▸ **Input material**:
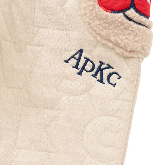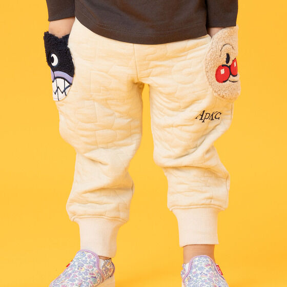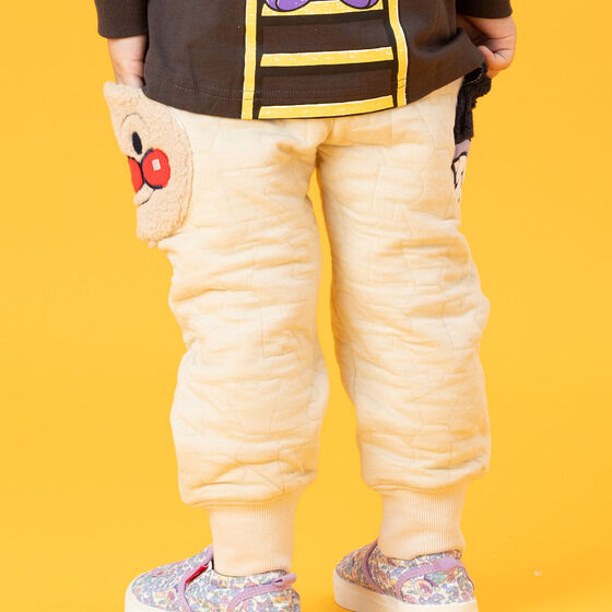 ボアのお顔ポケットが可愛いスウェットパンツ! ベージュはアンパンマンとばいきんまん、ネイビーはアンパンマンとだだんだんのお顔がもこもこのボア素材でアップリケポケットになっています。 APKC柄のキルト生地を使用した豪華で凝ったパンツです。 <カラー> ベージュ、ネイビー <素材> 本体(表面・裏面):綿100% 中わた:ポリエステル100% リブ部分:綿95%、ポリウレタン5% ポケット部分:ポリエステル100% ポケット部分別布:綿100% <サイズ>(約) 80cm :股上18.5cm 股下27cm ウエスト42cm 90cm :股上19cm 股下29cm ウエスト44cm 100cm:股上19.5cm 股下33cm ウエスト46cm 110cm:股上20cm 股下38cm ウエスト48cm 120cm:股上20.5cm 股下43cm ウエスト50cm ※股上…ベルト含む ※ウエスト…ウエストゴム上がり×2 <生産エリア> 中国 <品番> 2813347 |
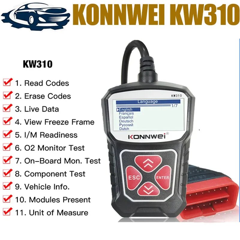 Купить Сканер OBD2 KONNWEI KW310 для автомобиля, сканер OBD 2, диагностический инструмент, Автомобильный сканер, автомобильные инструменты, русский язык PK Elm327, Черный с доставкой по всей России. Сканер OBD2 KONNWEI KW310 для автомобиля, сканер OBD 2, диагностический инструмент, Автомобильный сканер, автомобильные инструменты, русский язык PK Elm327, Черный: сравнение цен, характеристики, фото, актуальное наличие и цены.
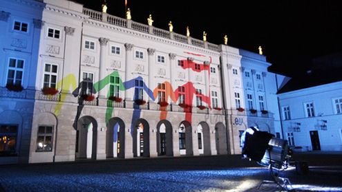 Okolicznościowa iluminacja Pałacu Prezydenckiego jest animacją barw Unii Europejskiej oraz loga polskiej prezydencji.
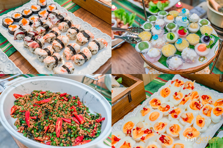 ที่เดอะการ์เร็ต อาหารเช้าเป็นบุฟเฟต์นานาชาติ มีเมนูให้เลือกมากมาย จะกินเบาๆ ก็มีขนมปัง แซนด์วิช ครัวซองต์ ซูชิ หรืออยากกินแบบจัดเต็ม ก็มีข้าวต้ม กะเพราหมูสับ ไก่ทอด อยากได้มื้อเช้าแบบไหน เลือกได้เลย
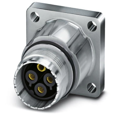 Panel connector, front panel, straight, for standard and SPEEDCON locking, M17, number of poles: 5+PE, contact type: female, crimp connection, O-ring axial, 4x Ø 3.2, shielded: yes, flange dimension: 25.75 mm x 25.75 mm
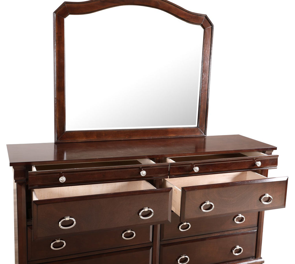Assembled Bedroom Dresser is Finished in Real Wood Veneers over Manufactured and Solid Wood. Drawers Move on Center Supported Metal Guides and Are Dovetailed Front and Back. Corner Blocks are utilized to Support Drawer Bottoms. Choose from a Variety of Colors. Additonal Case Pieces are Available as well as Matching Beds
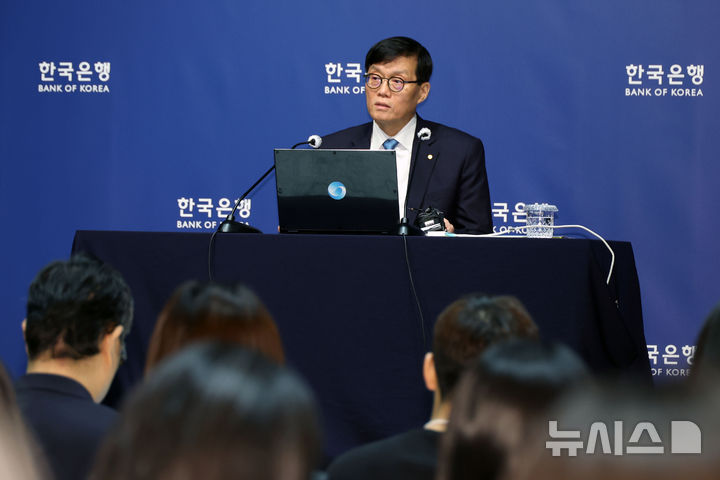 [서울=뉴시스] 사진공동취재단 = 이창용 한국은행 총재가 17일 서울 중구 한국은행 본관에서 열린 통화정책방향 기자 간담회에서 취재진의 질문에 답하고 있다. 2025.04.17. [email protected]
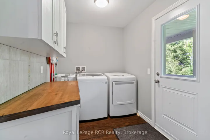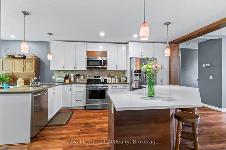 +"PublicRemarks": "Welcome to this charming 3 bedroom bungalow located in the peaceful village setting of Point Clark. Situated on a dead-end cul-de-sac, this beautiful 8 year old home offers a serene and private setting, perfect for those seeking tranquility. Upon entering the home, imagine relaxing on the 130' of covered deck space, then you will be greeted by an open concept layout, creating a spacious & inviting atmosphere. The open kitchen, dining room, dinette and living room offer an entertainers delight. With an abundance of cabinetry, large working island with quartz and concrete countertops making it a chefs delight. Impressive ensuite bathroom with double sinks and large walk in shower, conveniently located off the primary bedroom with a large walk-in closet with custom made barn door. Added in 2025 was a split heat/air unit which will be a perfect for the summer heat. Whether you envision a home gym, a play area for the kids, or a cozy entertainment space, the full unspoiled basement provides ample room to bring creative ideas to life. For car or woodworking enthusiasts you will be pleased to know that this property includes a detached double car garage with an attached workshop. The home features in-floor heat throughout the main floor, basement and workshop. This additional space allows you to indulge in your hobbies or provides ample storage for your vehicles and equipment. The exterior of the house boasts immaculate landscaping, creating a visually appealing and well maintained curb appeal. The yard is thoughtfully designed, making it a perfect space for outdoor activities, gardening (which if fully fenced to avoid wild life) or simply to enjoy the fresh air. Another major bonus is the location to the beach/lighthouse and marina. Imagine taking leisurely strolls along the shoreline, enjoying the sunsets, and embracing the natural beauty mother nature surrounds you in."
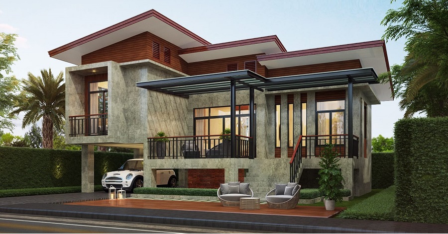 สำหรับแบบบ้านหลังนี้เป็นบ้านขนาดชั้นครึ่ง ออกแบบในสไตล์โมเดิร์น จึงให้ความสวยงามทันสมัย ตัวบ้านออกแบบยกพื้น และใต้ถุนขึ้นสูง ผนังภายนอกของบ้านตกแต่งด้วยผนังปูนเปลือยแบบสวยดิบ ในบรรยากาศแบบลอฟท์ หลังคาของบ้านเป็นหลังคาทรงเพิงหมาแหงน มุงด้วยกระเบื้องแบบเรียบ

▸ **Work instructions**: The expected output is the material above, repeated exactly and free of pictures.

▸ **Solution**:
 ボアのお顔ポケットが可愛いスウェットパンツ! ベージュはアンパンマンとばいきんまん、ネイビーはアンパンマンとだだんだんのお顔がもこもこのボア素材でアップリケポケットになっています。 APKC柄のキルト生地を使用した豪華で凝ったパンツです。 <カラー> ベージュ、ネイビー <素材> 本体(表面・裏面):綿100% 中わた:ポリエステル100% リブ部分:綿95%、ポリウレタン5% ポケット部分:ポリエステル100% ポケット部分別布:綿100% <サイズ>(約) 80cm :股上18.5cm 股下27cm ウエスト42cm 90cm :股上19cm 股下29cm ウエスト44cm 100cm:股上19.5cm 股下33cm ウエスト46cm 110cm:股上20cm 股下38cm ウエスト48cm 120cm:股上20.5cm 股下43cm ウエスト50cm ※股上…ベルト含む ※ウエスト…ウエストゴム上がり×2 <生産エリア> 中国 <品番> 2813347 |
 Купить Сканер OBD2 KONNWEI KW310 для автомобиля, сканер OBD 2, диагностический инструмент, Автомобильный сканер, автомобильные инструменты, русский язык PK Elm327, Черный с доставкой по всей России. Сканер OBD2 KONNWEI KW310 для автомобиля, сканер OBD 2, диагностический инструмент, Автомобильный сканер, автомобильные инструменты, русский язык PK Elm327, Черный: сравнение цен, характеристики, фото, актуальное наличие и цены.
 Okolicznościowa iluminacja Pałacu Prezydenckiego jest animacją barw Unii Europejskiej oraz loga polskiej prezydencji.
 ที่เดอะการ์เร็ต อาหารเช้าเป็นบุฟเฟต์นานาชาติ มีเมนูให้เลือกมากมาย จะกินเบาๆ ก็มีขนมปัง แซนด์วิช ครัวซองต์ ซูชิ หรืออยากกินแบบจัดเต็ม ก็มีข้าวต้ม กะเพราหมูสับ ไก่ทอด อยากได้มื้อเช้าแบบไหน เลือกได้เลย
 Panel connector, front panel, straight, for standard and SPEEDCON locking, M17, number of poles: 5+PE, contact type: female, crimp connection, O-ring axial, 4x Ø 3.2, shielded: yes, flange dimension: 25.75 mm x 25.75 mm
Assembled Bedroom Dresser is Finished in Real Wood Veneers over Manufactured and Solid Wood. Drawers Move on Center Supported Metal Guides and Are Dovetailed Front and Back. Corner Blocks are utilized to Support Drawer Bottoms. Choose from a Variety of Colors. Additonal Case Pieces are Available as well as Matching Beds
 [서울=뉴시스] 사진공동취재단 = 이창용 한국은행 총재가 17일 서울 중구 한국은행 본관에서 열린 통화정책방향 기자 간담회에서 취재진의 질문에 답하고 있다. 2025.04.17. [email protected]
 +"PublicRemarks": "Welcome to this charming 3 bedroom bungalow located in the peaceful village setting of Point Clark. Situated on a dead-end cul-de-sac, this beautiful 8 year old home offers a serene and private setting, perfect for those seeking tranquility. Upon entering the home, imagine relaxing on the 130' of covered deck space, then you will be greeted by an open concept layout, creating a spacious & inviting atmosphere. The open kitchen, dining room, dinette and living room offer an entertainers delight. With an abundance of cabinetry, large working island with quartz and concrete countertops making it a chefs delight. Impressive ensuite bathroom with double sinks and large walk in shower, conveniently located off the primary bedroom with a large walk-in closet with custom made barn door. Added in 2025 was a split heat/air unit which will be a perfect for the summer heat. Whether you envision a home gym, a play area for the kids, or a cozy entertainment space, the full unspoiled basement provides ample room to bring creative ideas to life. For car or woodworking enthusiasts you will be pleased to know that this property includes a detached double car garage with an attached workshop. The home features in-floor heat throughout the main floor, basement and workshop. This additional space allows you to indulge in your hobbies or provides ample storage for your vehicles and equipment. The exterior of the house boasts immaculate landscaping, creating a visually appealing and well maintained curb appeal. The yard is thoughtfully designed, making it a perfect space for outdoor activities, gardening (which if fully fenced to avoid wild life) or simply to enjoy the fresh air. Another major bonus is the location to the beach/lighthouse and marina. Imagine taking leisurely strolls along the shoreline, enjoying the sunsets, and embracing the natural beauty mother nature surrounds you in."
 สำหรับแบบบ้านหลังนี้เป็นบ้านขนาดชั้นครึ่ง ออกแบบในสไตล์โมเดิร์น จึงให้ความสวยงามทันสมัย ตัวบ้านออกแบบยกพื้น และใต้ถุนขึ้นสูง ผนังภายนอกของบ้านตกแต่งด้วยผนังปูนเปลือยแบบสวยดิบ ในบรรยากาศแบบลอฟท์ หลังคาของบ้านเป็นหลังคาทรงเพิงหมาแหงน มุงด้วยกระเบื้องแบบเรียบ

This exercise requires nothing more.